The authors are professors in the animal science department at The Ohio State University.
Since sound feed composition data is so important to overall dairy farm profitability, we need to ensure that the information we have accurately reflects the feed we're using.
If you harvest 1,000 tons of corn silage and sample it throughout the feeding period, you will most likely find a range of values for dry matter (DM), crude protein (CP), fiber (NDF), starch and minerals. We need to understand what caused the values to change, and then we decide what to do when they change. Your decision regarding what to do when composition apparently changed is dependent upon the reason for the change.
Why does it change?
There are three reasons why composition values vary among samples of a feed: analytical variation, sampling variation and what we call real variation. If you analyze a single sample multiple times or sent subsamples to different labs, the variation among results is called analytical variation. This variation may be caused by human error or variation in reaction conditions. Good labs use protocols that usually result in low analytical variation.
If you take multiple samples from a pile of silage, the variation among the samples is sampling variation. When we sample feeds, we are sampling particles, not nutrients. If all the particles have similar nutrient composition, then sampling variation will be very small, but if the particles differ in composition, sampling variation can be large.
Corn silage consists of pieces of grain, cob, stalk and leaves, and the nutrient composition of these pieces is quite different. We expect sampling variation for feeds like soybean meal to be much less than it is for corn silage. Real variation can be caused by different hybrids of corn silage, different growing conditions or rain events on exposed silage.
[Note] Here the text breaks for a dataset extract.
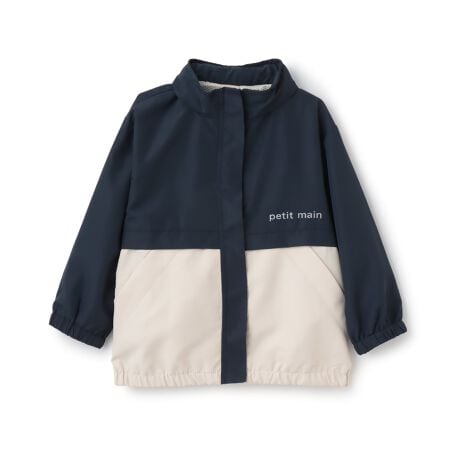 配色の切り替えで個性を持たせたウィンドブレーカーです。フードは衿ぐりに収納できる設計になっており、その日の用途やコーデに合わせて変えられます。撥水加工をほどこしているため、雨の日のお出かけにもぴったり。裏地には通気性の良いメッシュ生地を使用しました。内側にお名前を記入できるタグつき。

We conducted an experiment in which corn silage and hay silage were sampled daily from multiple dairy farms over a 14-day period. On each day, two samples of each silage were taken. Samples were analyzed in duplicate for DM, NDF, CP and starch using standard wet chemistry methods in our lab, hence lab-to-lab variation was not an issue.
With duplicate assays and samples across multiple days, we could partition the variation into analytical, sampling and real day-to-day changes (see table). For all nutrients from both types of silage, analytical variation was the smallest contributor to total within farm variation and usually was less than 10 percent of the total variation.
For CP, NDF and starch, sampling error was usually the largest source of variation. In many cases, sampling error was more than twice as great as true day-to-day variation. For both silages, real day-to-day variation was the major source of variation for DM concentration.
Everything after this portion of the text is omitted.